At least the Rook developers are aware of this problem, and they are working on making various Ceph functions accessible through the Rook APIs in the future – explicitly, CRUSH.

Monitoring, Alerting, Trending

Even if Ceph, set up and operated by Rook, is largely self-managed, you will at least want to know what is currently happening in Ceph. Out of the box, Ceph comes with a variety of interfaces for exporting metric data about the current usage and state of the cluster. Rook configures these interfaces so that they can be used from the outside.

Of course, you can find ready-made Kubernetes templates online by Prometheus, also one of the hip cloud-ready apps that launches a complete monitoring, alerting, and trending (MAT) cluster in a matter of seconds [7]. The Rook developers, in turn, offer matching pods that wire the Rook Ceph to the Prometheus container. Detailed instructions can be found on the Rook website [8].

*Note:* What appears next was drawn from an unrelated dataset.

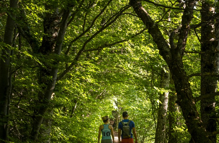 Prendre alors le GR9 au niveau de la Chapelle, à 765m d'altitude. Le sommet du Mont Rachais est alors indiqué à 3,1km pour 1h15 de marche. La balade commence alors par une large piste jusqu'à la prochaine intersection : la bergerie situé à 900m d'altitude. Prendre à droite en direction du Mont Rachais par les crêtes. La confortable piste continue et monte de façon modérée jusqu’au lieu dit « Les Granges » à 1010m d'altitude.

Ultimately, what you get is a complete MAT solution, including colorful dashboards in Grafana (Figure 4) that tell you how your Ceph cluster is getting on in real time.

Prometheus and Grafana are a practical team that allows you to monitor a Ceph cluster.
Figure 4: Prometheus and Grafana are a practical team that allows you to monitor a Ceph cluster.

Looking to the Future

By the way, Rook is not designed to work exclusively with Ceph, even if you might have gained this impression in the course of reading this article. Instead, the developers have big plans: CockroachDB [9], for example, is a redundant, high-performance SQL database that is also on the Rook to-do list, as is Minio [10], a kind of competitor to Ceph. Be warned against building production systems with these storage solutions, though. Both drivers are still in the full sway of development. Like Rook itself, Ceph is also tagged beta. However, the combination of Ceph and Rook is by far the most widespread, so large-scale teething pain is not to be expected.

By the way, Rook is backed by Upbound [11], a cloud-native Kubernetes provider. Although the list of maintainers does not contain many well-known names, a Red Hat employee is listed in addition to two people from Upbound, so you probably don't have to worry about the future of the project.

Of course, Red Hat itself is interested in creating the best possible connection between Kubernetes and Ceph, because Ceph is also marketed commercially as a replacement for conventional storage. Rook very conveniently came along as free software under the terms of Apache license v2.0.

Conclusions

The idea behind Rook is not particularly revolutionary. Packing Ceph, the storage solution that has been tried and tested for years, into containers and then rolling them out to Kubernetes is an obvious choice. However, the way Rook tackles the problem is impressive, because the solution for a supposedly trivial task involved a huge amount of brain power, development, and quality assurance. The Rook people are quite aware that they are dealing with 21st century gold (i.e., data), and they deal with it very carefully.

Given that Rook is still officially beta, it works excellently. If you want to mate up Kubernetes and Ceph, you will definitely want to take a look at Rook. To date, it is the best solution for this problem.

Rook keeps the promise of redundant storage for cloud-native apps. A Rook volume is no different from a typical Kubernetes volume in terms of the inside view. In the background, however, Rook ensures that replication and redundancy are handled by Ceph. In doing so, Rook solves the dilemma that neither the container environment, the developers, nor the customers cared to tackle – redundant storage.